5 Proposed model TULRN

As presented in Figure 2, we will transform each trajectory into a sequence of road segments firstly. Before the transformation, we need to conduct road network matching, i.e., align sample points of a trajectory onto the road network [27]. To achieve the matching effectively, in this work, we adopt a state-of-the-art model [37], which is developed based on the Hidden Markov Model and code available^{Footnote 1}. Notably, the core part of this study is linking trajectories to their owners with well-designed deep learning modules, thus the details of preprocessing (i.e., map-matching) of the input data are omitted here. After map-matching, we obtain the trajectory sequence TS(τ) for each trajectory τ in S.

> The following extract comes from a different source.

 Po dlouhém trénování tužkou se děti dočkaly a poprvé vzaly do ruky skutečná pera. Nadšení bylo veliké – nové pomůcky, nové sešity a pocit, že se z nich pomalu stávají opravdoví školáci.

5.1 Construction of the graph RTSG

Following the map-matching, we construct a road network-aware trajectory sequence graph called RTSG. Specifically, we connect each road segment of a trajectory sequence TS(τ) to an edge in graph G, and connect each intersection of TS(τ) to a node of G. Finally, we obtain the graph RTSG by merging all trajectory sequences with the given road network graph.

5.2 Node embedding

For most GNN models, they only consider the node features of the graph yet ignore the edge features. To obtain a fixed-length node sequence for learning, these methods usually use the adjacency matrix for sampling according to the neighbors of a node, and ignore the edge weight during the sampling. When the number of nodes in the entire graph is large, these methods tend to sample unremarkable nodes and omit unique nodes, which will cause a serious loss of feature information of the graph. Having observed the shortcoming of existing work, we design a novel sampling strategy based on edge weight. Specifically, the calculation of edge weight is presented as follows.

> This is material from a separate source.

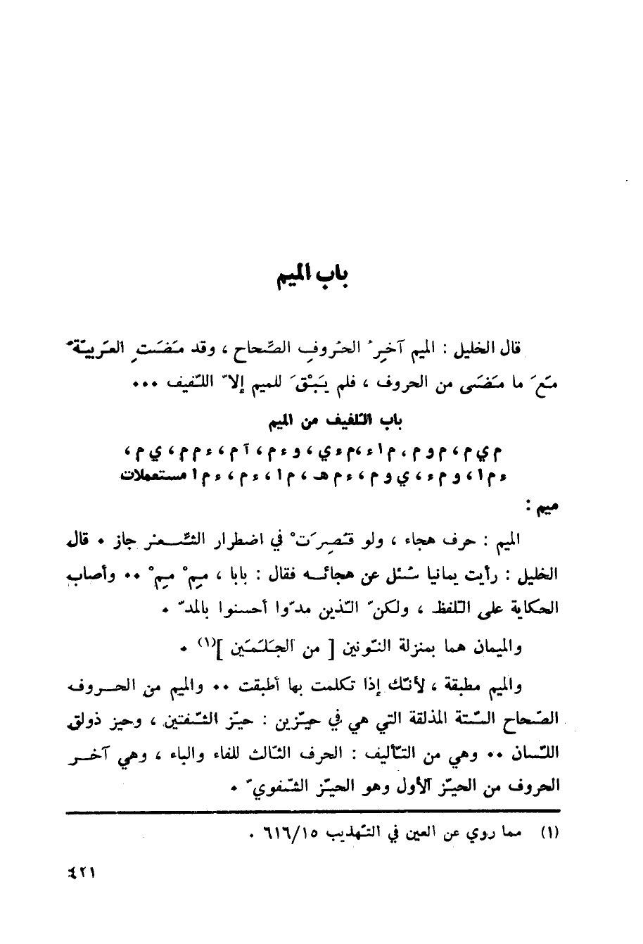 قال الخليل: الميم آخِرُ الحُروفِ الصِّحاح، وقد مَضَتِ العَربيّةُ مَعَ ما مَضَى من الحروف، فلم يَبْقَ للميم إلاّ اللّفيف ...

We claim that the edges that have been visited by users in graph RTSG are not equally important. The edges corresponding to hot road segments are usually useless for distinguishing a user from others, while the edges visited by fewer users are more discriminative. Based on this idea, we propose to compute the edge weight with entropy, which is the expected value of the information contained in each message in relation to the importance of the message^{Footnote 2}. Shannon entropy is a typical entropy, which is a common tool and has been widely used in many applications [38, 39], Renyi entropy is a generalized version of it and has proven more powerful [40]. Given a set of users U = {u₁,u₂,⋯ ,u_n}, the Renyi entropy of an edge e is defined as follows:

$$ \begin{array}{@{}rcl@{}} H(e) = \frac{1}{1-q}\log\sum\limits_{i=1}^{n}\left( \frac{N_{u_{i}}(e)}{M_{u_{i}}}\right)^{q} \end{array} $$

(1)

where $N_{u_{i}}(e)$ is the number of times that u_i passes through the road segment corresponding to e, and $M_{u_{i}}$ denotes the total number of road segments that u_i has visited. Following the work [38, 40], the parameter q makes Renyi entropy much more expressive and flexible than Shannon entropy, and it indicates entropy’s sensitivity to the number $N_{u_{i}}(e)$, and more details are discussed in [40]. Next, we give the definition of the edge weight w(e) as follows based on H(e),

$$ \begin{array}{@{}rcl@{}} w(e)&=& \exp\big(-H(e)\big) \\ &=& \exp\Big(-\frac{1}{1-q}\log\sum\limits_{i=1}^{n}\left( \frac{N_{u_{i}}(e)}{M_{u_{i}}}\right)^{q}\Big)\\ &=& \left( \sum\limits_{i=1}^{n}\left( \frac{N_{u_{i}}(e)}{M_{u_{i}}}\right)^{q}\right)^{\frac{1}{q-1}} \end{array} $$

(2)

Apart from the edge weight calculation, we construct a feature vector f_i for each node e_i in RTSG based on word embedding before sampling. Next, to obtain a complex representation for each node with interactive information, we sort the edges in RTSG according to the weights of them from large to small. During the aggregation process, we sample nodes with different probabilities, i.e., the node with a larger weight is more likely to be sampled and vice versa. The feature matrix F = {f₁,f₂,⋯ ,f_n} provides the initial input for each sampled point. Suppose that the representation of the sampling point p_i (i.e., a node in RTSG) in the k −th layer is expressed as ${h^{k}_{i}}$, and $\{{h^{k}_{N}}\}$ denotes the representation of the sequence of nodes to be sampled by p_i in k-th layer, the representation of the sampling point p_i in the (k + 1) −th layer is:

$$ \begin{array}{@{}rcl@{}} h^{k+1}_{i} = \sigma(W \cdot Mean({h^{k}_{i}} \oplus \{{h^{k}_{N}}\})) \end{array} $$

(3)

Following the node embedding, we can obtain the trajectory representation based on the trajectory sequence. By way of illustration, the red and blue dotted lines in Figure 3 denote the trajectory sequences of τ₁ and τ₂ in RTSG respectively. Then, we can obtain trajectory representation $\textbf {e}_{\tau _{1}}$ by concatenating the embeddings of p₃, p₄, p₅, and p₇. Similarly, the representation $\textbf {e}_{\tau _{2}}$ is obtained by concatenating the embeddings of p₇, p₆, p₁, and p₃.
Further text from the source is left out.